INSTRUCTIONS FOR THE TASK — Return exactly the lines from the one containing "Bear-Embroidered Sweatshirt - Aqua Green" through the end of the material below, and leave the images out.

= = = =

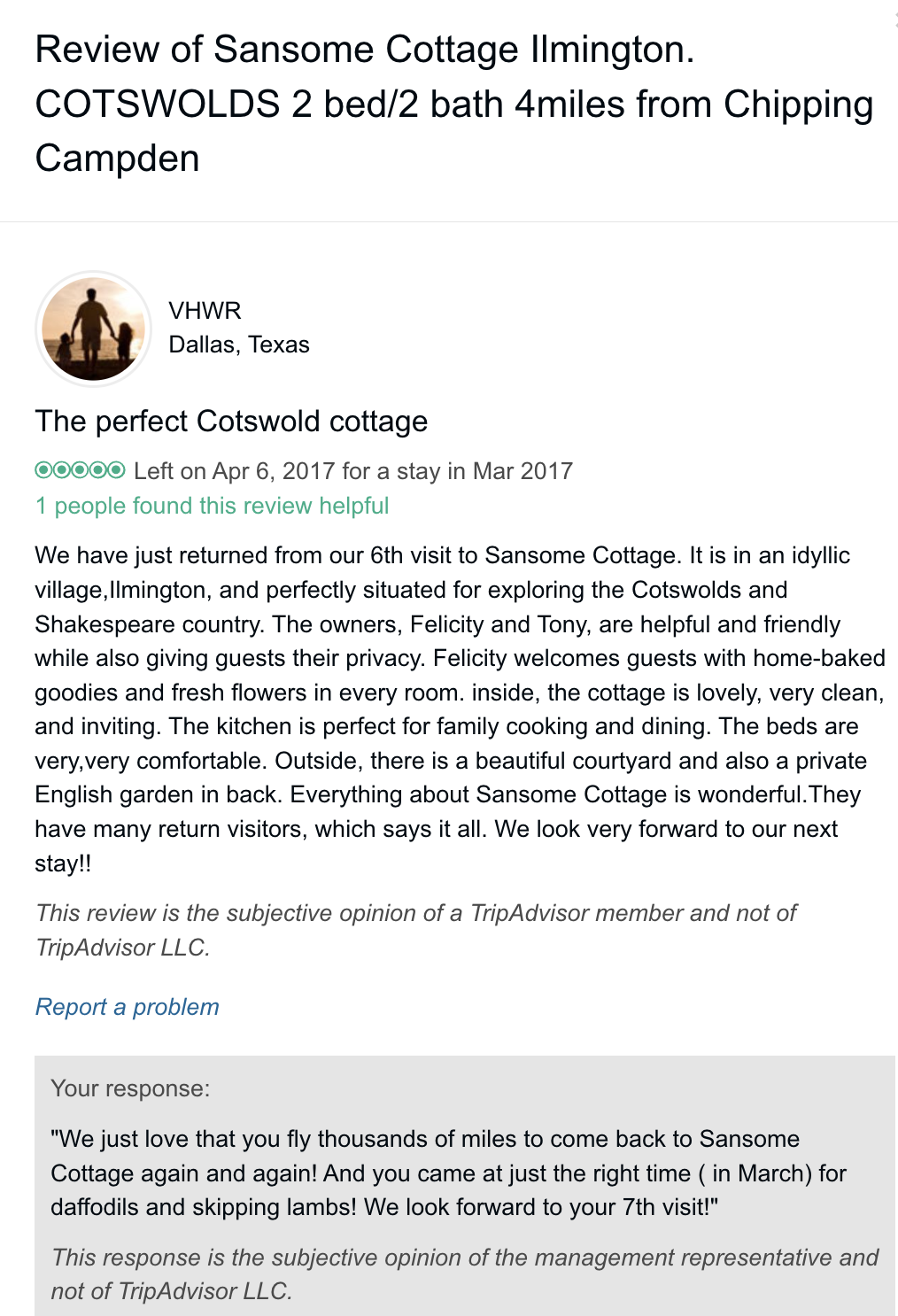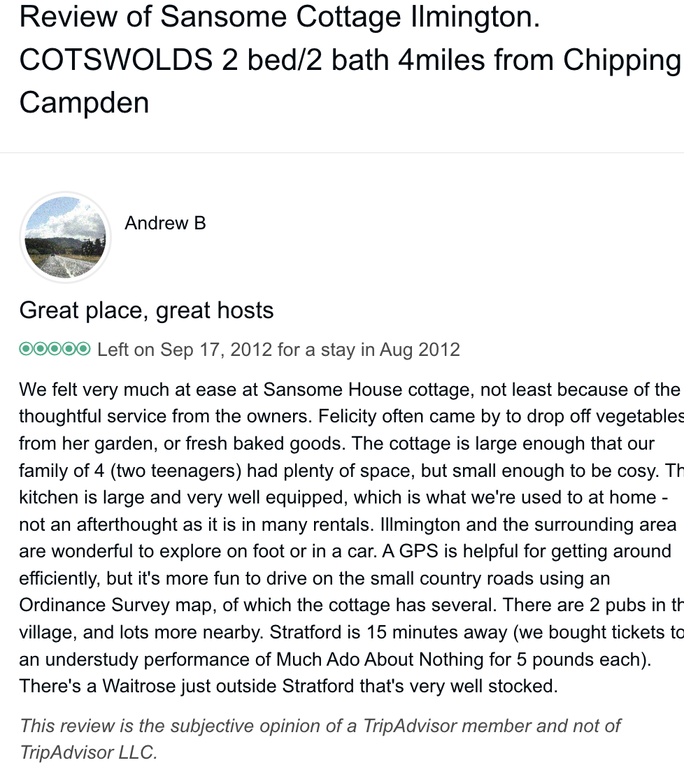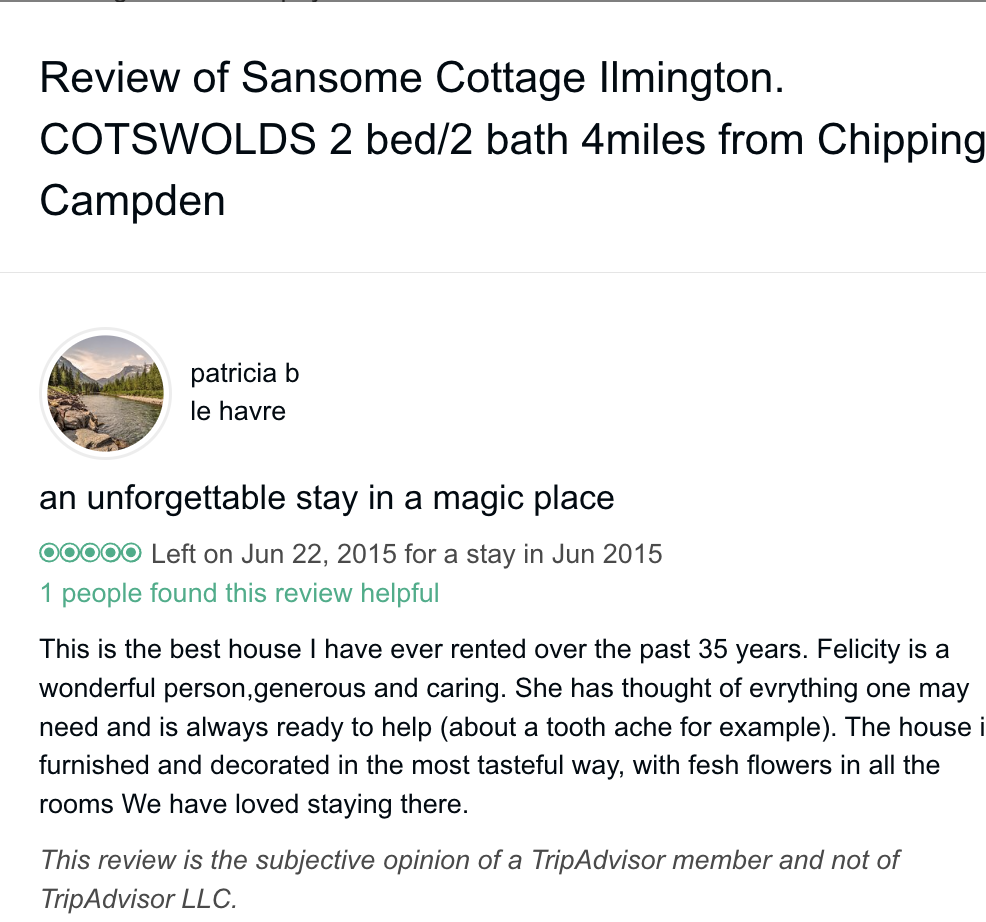These are some of the reviews that we received on Trip Advisor. Once they changed to a commission only model we got far fewer bookings as clever guests realised that it was much cheaper to book direct with me than through an online travel agent so I have had very few in recent years and most of these are several years old but the place is the same. Little has changed except for carpets, curtains, mattresses etc. The basic model and the welcome is the same. I would llke to take this opportunity to say that I have absolutely loved having everybody. whose reviews are here, to stay and thank them for the trouble taken writing a review on Trip Advisor. TA no longer do bookings for holiday rentals but click through to VRBO. I have put my reviews in photo form since I doubt mine will remain in cyberspace for much longer but the original listing, now ceased is here Trip Advisor Reviews
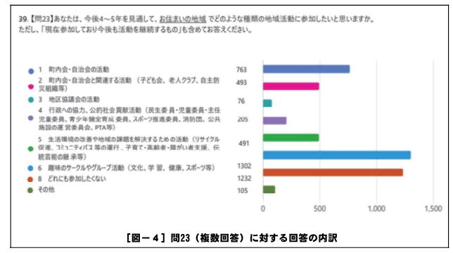 アンケート項目【問23:あなたは、今後4~5年を見通して、お住まいの地域でどのような種類の地域活動に参加したいと思いますか。ただし、「現在参加しており今後も活動を継続するもの」も含めてお答えください。】の結果に着目してみよう[図-4]。
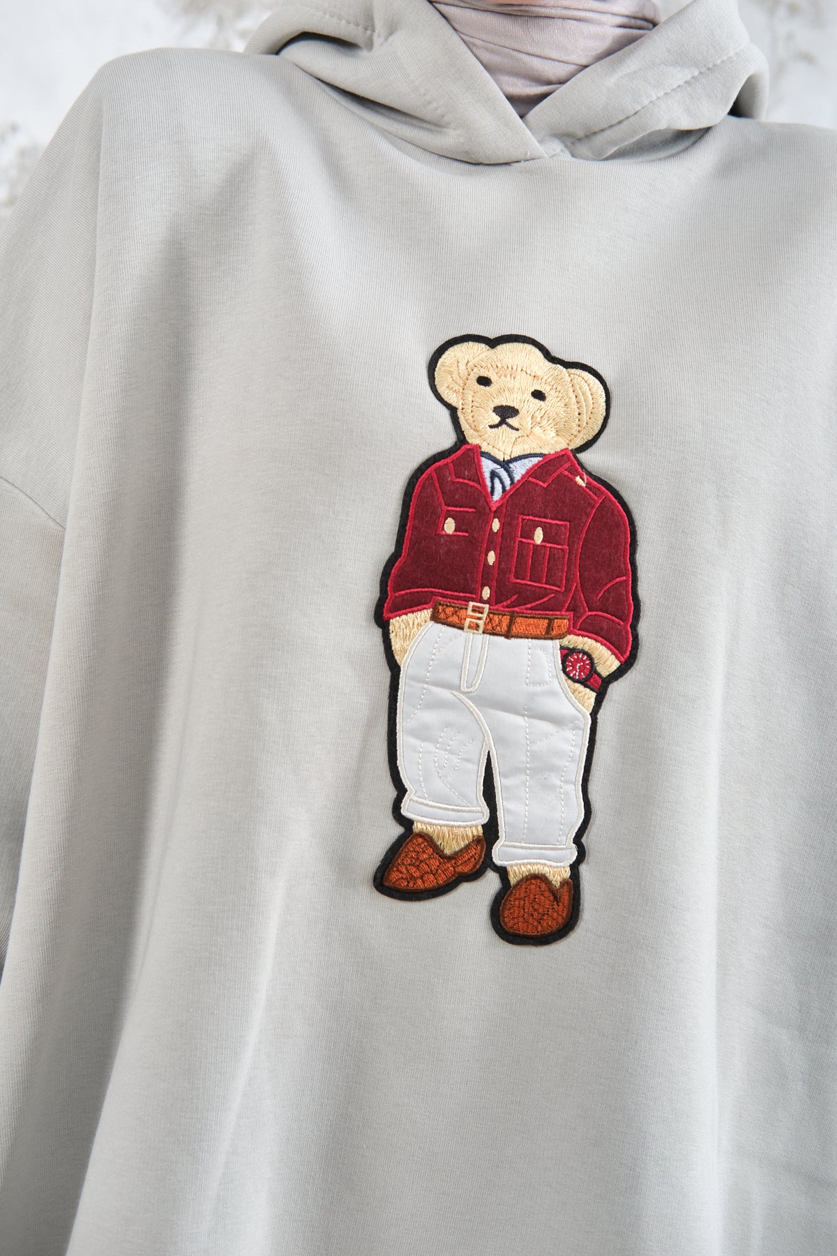Bear-Embroidered Sweatshirt - Aqua Green
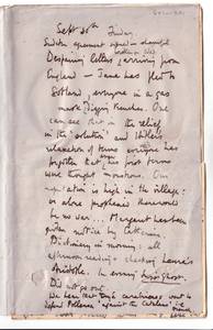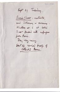 - Sept 27 Tuesday. Swiss Ghost : restarted, and dictionary in evening. Wireless at 6 at Hotel Ouest packed with refugees from Paris. Day very rainy. Sent off revised proofs of Collected Poems .
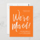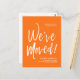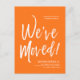 A minimal solid Pumpkin Orange and white script-style moving announcement postcard. It features a large script text of the words "We've Moved" followed by your address information below it. Many individual elements of the invite card are unlocked so feel free to change or add any details necessary by using the customization function.
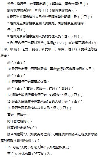 15. 考前7天內(nèi),有無天津市以外地區(qū)旅居史:
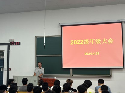 4月25日傍晚,2022级全体本科生在5教303召开年级大会,探讨生涯发展及学风建设,布置学生安全工作,年级辅导员刘海主持会议。
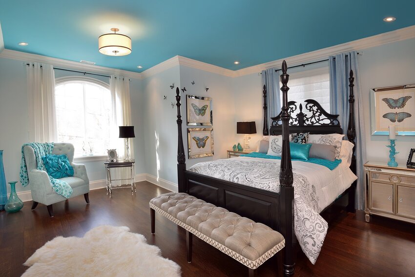 Цветной потолок уместно выглядит в интерьере в стиле хай-тек или в спальне с морской тематикой. Здесь он сможет стать одним из главных акцентов комнаты, а потому его стоит комбинировать с пастельными оттенками.

= = = =

TASK OUTPUT —
Bear-Embroidered Sweatshirt - Aqua Green
 - Sept 27 Tuesday. Swiss Ghost : restarted, and dictionary in evening. Wireless at 6 at Hotel Ouest packed with refugees from Paris. Day very rainy. Sent off revised proofs of Collected Poems .
 A minimal solid Pumpkin Orange and white script-style moving announcement postcard. It features a large script text of the words "We've Moved" followed by your address information below it. Many individual elements of the invite card are unlocked so feel free to change or add any details necessary by using the customization function.
 15. 考前7天內(nèi),有無天津市以外地區(qū)旅居史:
 4月25日傍晚,2022级全体本科生在5教303召开年级大会,探讨生涯发展及学风建设,布置学生安全工作,年级辅导员刘海主持会议。
 Цветной потолок уместно выглядит в интерьере в стиле хай-тек или в спальне с морской тематикой. Здесь он сможет стать одним из главных акцентов комнаты, а потому его стоит комбинировать с пастельными оттенками.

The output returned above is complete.